Unfortunately, these device nodes cannot be automatically created/deleted by the NVIDIA driver at the same time it creates/deletes
files under /proc/driver/nvidia/capabilities (due to GPL compliance issues). Instead, a user-level program called nvidia-modprobe
is provided, that can be invoked from user-space in order to do this. For example:
$ nvidia-modprobe \
-f /proc/driver/nvidia/capabilities/mig/config \
-f /proc/driver/nvidia/capabilities/mig/monitor
$ ls -l /dev/nvidia-caps
total 0
cr-------- 1 root root 508, 1 Nov 21 17:16 nvidia-cap1
cr--r--r-- 1 root root 508, 2 Nov 21 17:16 nvidia-cap2
nvidia-modprobe looks at the DeviceFileMode in each capability file and creates the device node with the permissions
indicated (for example, +ur from a value of 256 (o400) from our example for mig-config).
Programs such as nvidia-smi will automatically invoke nvidia-modprobe (when available) to create these device nodes
on your behalf. In other scenarios it is not necessarily required to use nvidia-modprobe to create these device nodes, but
it does make the process simpler.
If you actually want to prevent nvidia-modprobe from ever creating a particular device node on your behalf, you can do the following:
# Give a user write permissions to the capability file under /proc
$ chmod +uw /proc/driver/nvidia/capabilities/mig/config
# Update the file with a "DeviceFileModify" setting of 0
$ echo "DeviceFileModify: 0" > /proc/driver/nvidia/capabilities/mig/config
You will then be responsible for managing creation of the device node referenced by /proc/driver/nvidia/capabilities/mig/config
going forward. If you want to change that in the future, simply reset it to a value of DeviceFileModify: 1 with the same command sequence.
This is important in the context of containers because we may want to give a container access to a certain capability even
if it doesn’t exist in the /proc hierarchy yet.
For example, granting a container the mig-config capability implies that we should also grant it capabilities to access all
possible gis and cis that could be created for any GPU on the system. Otherwise the container will have no way of working with
those gis and cis once they have actually been created.

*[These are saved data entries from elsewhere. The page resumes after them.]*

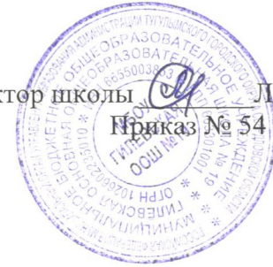
График приема пищи детей, с учетом соблюдения социальной дистанции, в связи с распространением коронавирусной инфекции (COVID -19) МБОУ Гилевская ООШ № 19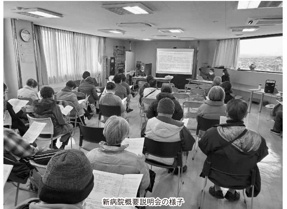
新病院概要説明会の様子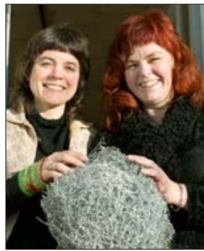
Artikel om Aranea 3/06.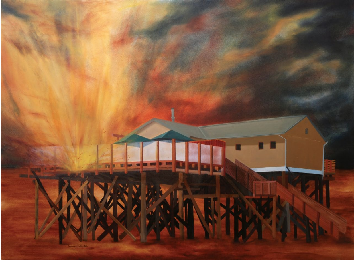
Yasaman Safa / Summer Sunset / 2013 / oil on canvas / 140x190 cm

One final thing to note about /dev based capabilities is that the minor numbers for all possible capabilities are
predetermined and can be queried under various files of the form:
/proc/driver/nvidia-caps/*-minors
For example, all capabilities related to MIG can be looked up as:
$ cat /proc/driver/nvidia-caps/mig-minors
config 1
monitor 2
gpu0/gi0/access 3
gpu0/gi0/ci0/access 4
gpu0/gi0/ci1/access 5
gpu0/gi0/ci2/access 6
...
gpu31/gi14/ci6/access 4321
gpu31/gi14/ci7/access 4322
The format of the content is: GPU<deviceMinor>/gi<GPU instance ID>/ci<compute instance ID>
Note that the GPU device minor number can be obtained by using either of these mechanisms:
The NVML API
nvmlDeviceGetMinorNumber()so it returns the device minor numberOr use the PCI BDF available under
/proc/driver/nvidia/gpus/domain:bus:device:function/information. This file contains a “Device Minor” field.
Note
The NVML device numbering (such as through nvidia-smi) is not the device minor number.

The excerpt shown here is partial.